▶ **DATA UNDER STUDY**

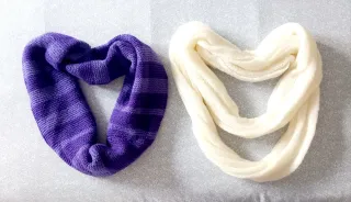 Conjunto de dos bufandas de cuello tipo infinito, nuevas y listas para usar. - Bufanda de punto en tonos morados y lilas. - Bufanda de punto en color blanco roto.
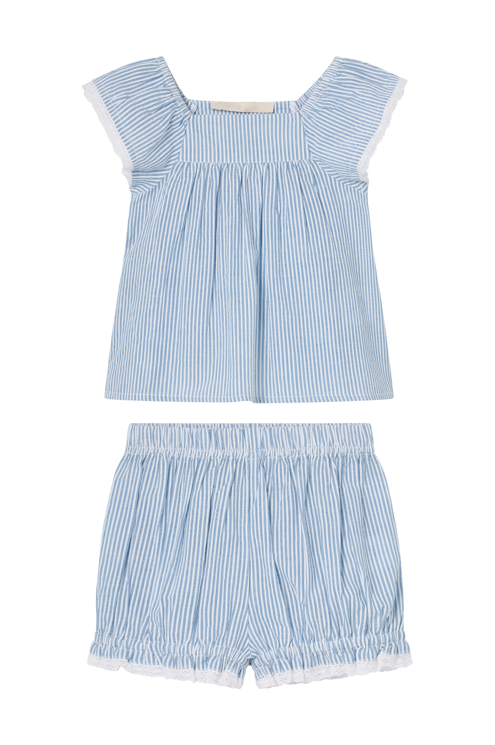 • 2-delt sett i bomull med blondekanter• Ermløs, utsvingt topp• Elastiske skulderstropper med volanger• Kort shorts med elastisk midje• Elastiske benender med volanger
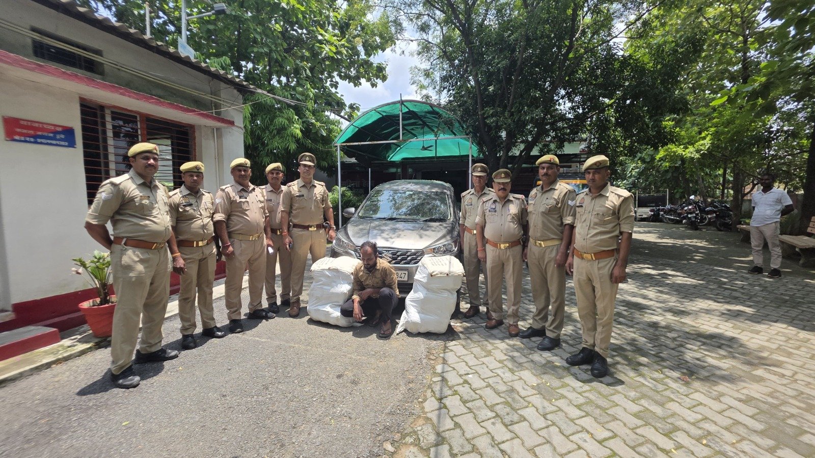 म्योरपुर*सोनभद्र पुलिस का अनवरत प्रहार, थाना म्योरपुर पुलिस ने मादक पदार्थों की तस्करी करने वाले 01 अन्तर्जनपदीय गांजा तस्कर को किया गिरफ्तार, एक अर्टिगा कार से कुल 71 किलो 270 ग्राम मादक पदार्थ गांजा (अनुमानित कीमत 15 लाख रुपये) बरामद-*पुलिस अधीक्षक सोनभद्र, श्री अशोक कुमार मीणा के निर्देशन में अवैध मादक पदार्थों की तस्करी करने वाले तस्करों के विरुद्ध सोनभद्र पुलिस के निरन्तर प्रहार की कड़ी में अपर पुलिस अधीक्षक (ऑपरेशन) श्री त्रिभुवन नाथ त्रिपाठी व क्षेत्राधिकारी दुद्धी श्री राजेश कुमार राय के पर्यवेक्षण में दिनांक 18.07.2025 को थानाध्यक्ष म्योरपुर को मुखबिर से सूचना मिली कि बभनडीहा के जंगल में एक संदिग्ध गाड़ी खड़ी है। उक्त सूचना पर थानाध्यक्ष म्योरपुर मय टीम मौके पर जाकर संदिग्ध आर्टिका वाहन संख्या OD 23 N 0847 को चेक किया गया। वाहन की तलाशी लेने पर दो बोरियों में कुल 24 पैकेटों में 71.270 किलोग्राम नाजायज गांजा ( अनुमानित कीमत 15 लाख रुपये) बरामद हुआ। मौके से एक अभियुक्त राजा सिंह उर्फ किशन सिंह पुत्र स्वर्गीय मनोज सिंह निवासी सहतवार, थाना सहतवार, जनपद बलिया को गिरफ्तार किया गया है। इस मामले में दो अन्य व्यक्ति मौके से फरार हो गए, जिनके नाम शैलेश कुमार शाह पुत्र राजू लाल शाह, निवासी बड़माल, झारसुगुड़ा (उड़ीसा) एवं समीर शाह पुत्र अज्ञात, निवासी बड़माल, झारसुगुड़ा (उड़ीसा) है । इसके अतिरिक्त, नाजायज गांजा आपूर्ति से जुड़े दो व्यक्तियों भक्त चरण राणा उर्फ राजू पुत्र अज्ञात, निवासी पंचपाड़ा, थाना टाउन थाना, झारसुगुड़ा उड़ीसा (गांजा बेचने वाला) तथा राजेश सोनकर पुत्र अज्ञात, निवासी कोखराज, थाना कोखराज, जनपद कौशांबी (गांजा खरीदने वाला) की तलाश की जा रही है । इस बरामदगी व गिरफ्तारी के सम्बन्ध में थाना म्योरपुर पर मु0अ0सं0-89 /2025 धारा 8/20/27ए/29/60 NDPS Act का अभियोग पंजीकृत कर अग्रेतर विधिक कार्यवाही की जा रही है।
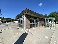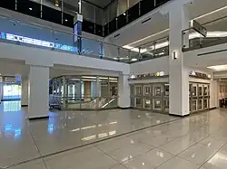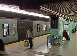 By 2015,[2] the tiles on the walls, floors and stairs had been replaced at this station.[3] On the outer walls at track level the alternating light and dark green tiles were replaced by very light green metal panels with a dark green accent strip along the top. Moreover, in 2015 the station's 263 space commuter parking lot was sold to developers.[4][5]
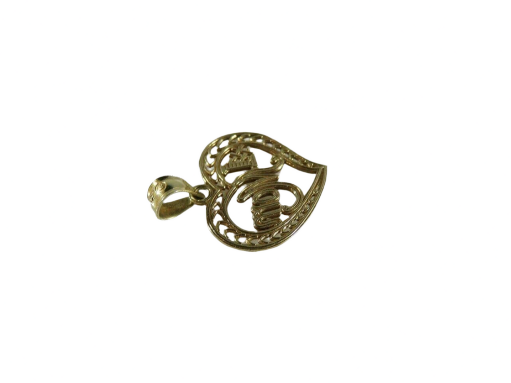 10K Yellow Gold #1 Mom Heart Pendant, Approx. 5/8" × 5/8", 0.7g
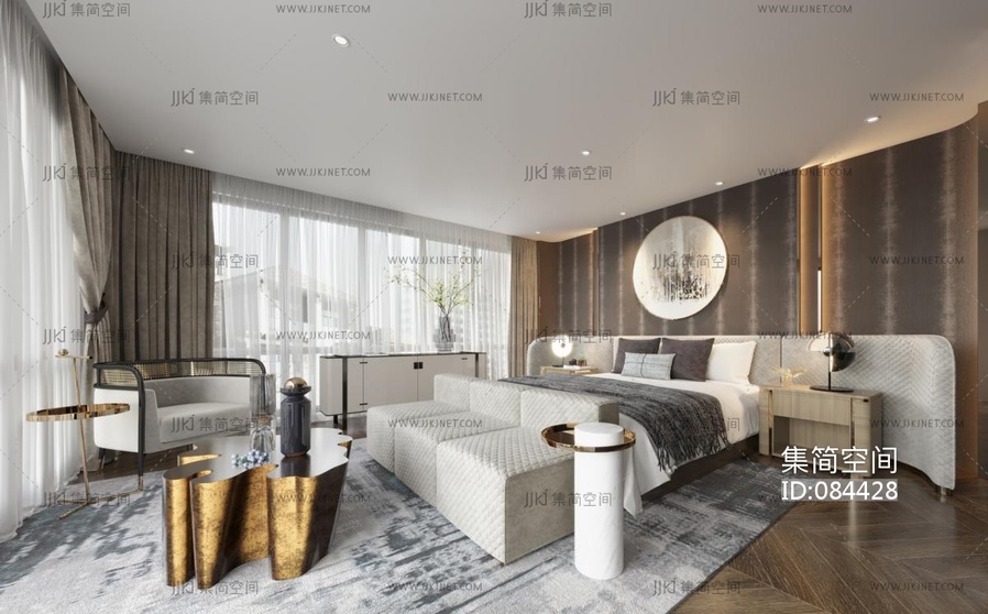 卧室,轻奢,暗黑风,现代轻奢卧室双人床,懒人沙发法式卧室3d模型下载

▶ **REQUIRED WORK**
Output only the lines running from the top of the data above to the line with "benender med volanger", inclusive, word for word and without pictures.

▶ **RESULT FOR THIS TASK**
 Conjunto de dos bufandas de cuello tipo infinito, nuevas y listas para usar. - Bufanda de punto en tonos morados y lilas. - Bufanda de punto en color blanco roto.
 • 2-delt sett i bomull med blondekanter• Ermløs, utsvingt topp• Elastiske skulderstropper med volanger• Kort shorts med elastisk midje• Elastiske benender med volanger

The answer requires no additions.